Your goal
Look below for the line that has "由圖5可以看出。由于軟土的流". Set down the lines from there through the line that has "Al respecto el", exactly as written.

===== Data provided

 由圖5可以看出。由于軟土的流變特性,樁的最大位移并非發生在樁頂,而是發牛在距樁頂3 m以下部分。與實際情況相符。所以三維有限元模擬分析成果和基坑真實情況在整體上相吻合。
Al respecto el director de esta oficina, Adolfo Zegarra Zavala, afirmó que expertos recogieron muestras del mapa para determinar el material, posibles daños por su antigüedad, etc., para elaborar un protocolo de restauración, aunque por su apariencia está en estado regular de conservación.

==========
===== Data provided

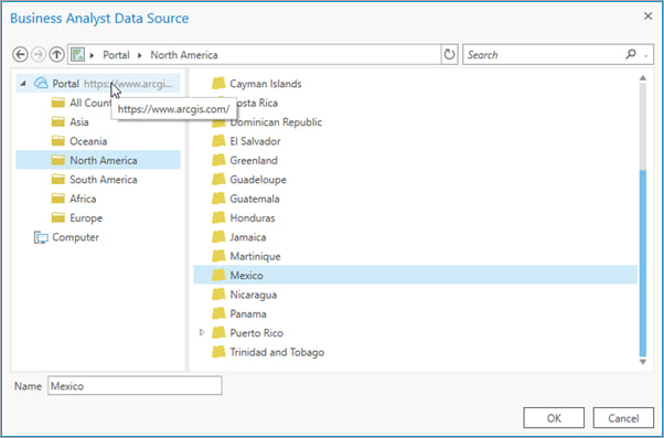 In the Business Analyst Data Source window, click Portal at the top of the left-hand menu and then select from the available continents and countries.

==========
===== Data provided

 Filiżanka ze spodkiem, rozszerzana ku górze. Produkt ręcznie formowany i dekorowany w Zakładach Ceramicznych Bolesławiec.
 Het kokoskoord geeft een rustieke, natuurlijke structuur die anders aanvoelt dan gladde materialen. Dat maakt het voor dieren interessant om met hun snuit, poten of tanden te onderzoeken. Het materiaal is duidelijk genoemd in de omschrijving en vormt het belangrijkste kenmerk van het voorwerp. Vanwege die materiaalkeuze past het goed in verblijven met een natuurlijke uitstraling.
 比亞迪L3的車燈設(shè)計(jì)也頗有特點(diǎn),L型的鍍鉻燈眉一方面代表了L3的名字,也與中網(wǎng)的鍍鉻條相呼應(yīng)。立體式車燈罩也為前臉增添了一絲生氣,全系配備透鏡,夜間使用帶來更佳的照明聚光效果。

==========

Output of the exercise
 由圖5可以看出。由于軟土的流變特性,樁的最大位移并非發生在樁頂,而是發牛在距樁頂3 m以下部分。與實際情況相符。所以三維有限元模擬分析成果和基坑真實情況在整體上相吻合。
Al respecto el director de esta oficina, Adolfo Zegarra Zavala, afirmó que expertos recogieron muestras del mapa para determinar el material, posibles daños por su antigüedad, etc., para elaborar un protocolo de restauración, aunque por su apariencia está en estado regular de conservación.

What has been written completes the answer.